Ten , dix, zehn, deca… Diez. Las mareas de mi embriaguez.
‘… y llamó Dios a la parte seca Tierra, y a la reunión de las aguas llamó Mares; y vio Dios que esto era bueno…’
Zehn. Las que cuentas para no reventar porque si no las cuentas revientas y se oye lejano un grito de valkiria coagulando la noche. Ten, dijiste, ten las cuentas de este collar que se cuentan por diez. Por diez tipos de piedras. Por diez heridas sangrantes. Ten. Trae. Como las gotas, también de sangre, de esos diez grandes ríos que agonizan sin agua implorando una lluvia densa: en Asia el Yangtze, el Mekong, el Salween, el Ganges y el Indo; el Danubio en Europa; en América, el Bravo y La Plata; en África, el Nilo; y el Murria en Australia. Dix. Dix cauces de dolor y un llanto aliquebrado. Ten. Trae. Dame tus noches, todas tus noches, tus diez primeras noches. Aquellas noches de las bodas de diez leguas como diez gladiadores reptando hacia la reina Arbal. Y luego, cuando te vayas, no te rías de mi sombrero azul ni de los arrecifes cuarteados que imbéciles sonríen al alba. Ten. ¡Ten! Si tú me dices ten, lo dejo todo: ‘Los diez libros de Fortuna de Amor’ de Antonio Lofrasso y los diez ‘De Architectura’ de Marco Vitruvio. Todo. La última baza del guiñote y los diez bruscos minutos de tus demoras. Que son diez, que los tengo contados: diez. Lo juro por tetractis. Juro por tetractis que aquellos minutos parecen cien. Pero nocturnitos somos y en la noche nos encontraremos, que perito en lunas soy y por tal me tengo. Ten. Dame tus noches, dame tus días, dame tu diez. Y, luego, cuando al amanecer tus ojos se inunden de añil, nunca olvides mi luna negra.

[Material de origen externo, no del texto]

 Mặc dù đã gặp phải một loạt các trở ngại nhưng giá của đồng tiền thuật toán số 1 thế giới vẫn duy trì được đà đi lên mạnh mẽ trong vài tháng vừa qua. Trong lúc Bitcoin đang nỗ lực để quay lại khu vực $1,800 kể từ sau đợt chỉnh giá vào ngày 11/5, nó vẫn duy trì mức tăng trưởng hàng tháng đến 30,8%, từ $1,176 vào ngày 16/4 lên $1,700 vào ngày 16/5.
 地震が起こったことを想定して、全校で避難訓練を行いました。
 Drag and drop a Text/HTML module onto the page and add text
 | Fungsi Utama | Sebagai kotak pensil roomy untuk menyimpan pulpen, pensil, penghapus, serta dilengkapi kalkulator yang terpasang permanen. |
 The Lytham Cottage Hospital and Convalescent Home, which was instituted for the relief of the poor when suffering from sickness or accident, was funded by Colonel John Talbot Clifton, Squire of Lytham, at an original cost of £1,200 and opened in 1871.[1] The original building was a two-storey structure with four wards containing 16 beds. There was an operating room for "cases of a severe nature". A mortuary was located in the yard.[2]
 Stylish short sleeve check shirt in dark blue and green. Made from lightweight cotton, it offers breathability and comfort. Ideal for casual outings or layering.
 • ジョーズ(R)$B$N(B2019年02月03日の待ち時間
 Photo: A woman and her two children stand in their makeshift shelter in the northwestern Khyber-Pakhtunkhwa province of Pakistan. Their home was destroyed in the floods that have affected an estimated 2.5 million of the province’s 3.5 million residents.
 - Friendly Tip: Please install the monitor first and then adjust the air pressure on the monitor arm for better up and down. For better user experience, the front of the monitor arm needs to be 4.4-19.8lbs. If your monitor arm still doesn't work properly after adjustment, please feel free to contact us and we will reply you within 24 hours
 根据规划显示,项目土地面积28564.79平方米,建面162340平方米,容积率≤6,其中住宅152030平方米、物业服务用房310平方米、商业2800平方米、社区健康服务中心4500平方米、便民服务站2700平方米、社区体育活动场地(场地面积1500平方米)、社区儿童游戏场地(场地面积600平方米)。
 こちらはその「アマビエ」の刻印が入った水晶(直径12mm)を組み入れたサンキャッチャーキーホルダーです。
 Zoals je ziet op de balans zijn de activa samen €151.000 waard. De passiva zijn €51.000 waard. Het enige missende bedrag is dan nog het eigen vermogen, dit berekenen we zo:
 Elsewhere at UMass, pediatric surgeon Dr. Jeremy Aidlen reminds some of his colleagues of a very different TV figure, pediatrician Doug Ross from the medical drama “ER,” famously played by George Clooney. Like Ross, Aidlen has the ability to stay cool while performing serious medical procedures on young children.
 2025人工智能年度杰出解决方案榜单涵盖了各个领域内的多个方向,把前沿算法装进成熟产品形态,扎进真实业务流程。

Ten, dix, zehn, deca… Diez. Madrugadas de lucidez.
1999. Un viernes. 14 de mayo. Otros vientos, otras aguas.
Diez. Proporción. Tesoro estable, sobrio templo de Minerva. Es un número. Pudiera ser canción: ‘¡volad, volad, hojas deslumbradas!’. Ten. Dos lustros. Los años de una década. Todo un poema si de cada uno haces verso: un decasílabo francés (‘envolez-vous, pages tout éblouies!’), por ejemplo.
2009. Un viernes. 15 de mayo. Y el hilo sigue, sigue, sigue. Viento en popa, a toda vela.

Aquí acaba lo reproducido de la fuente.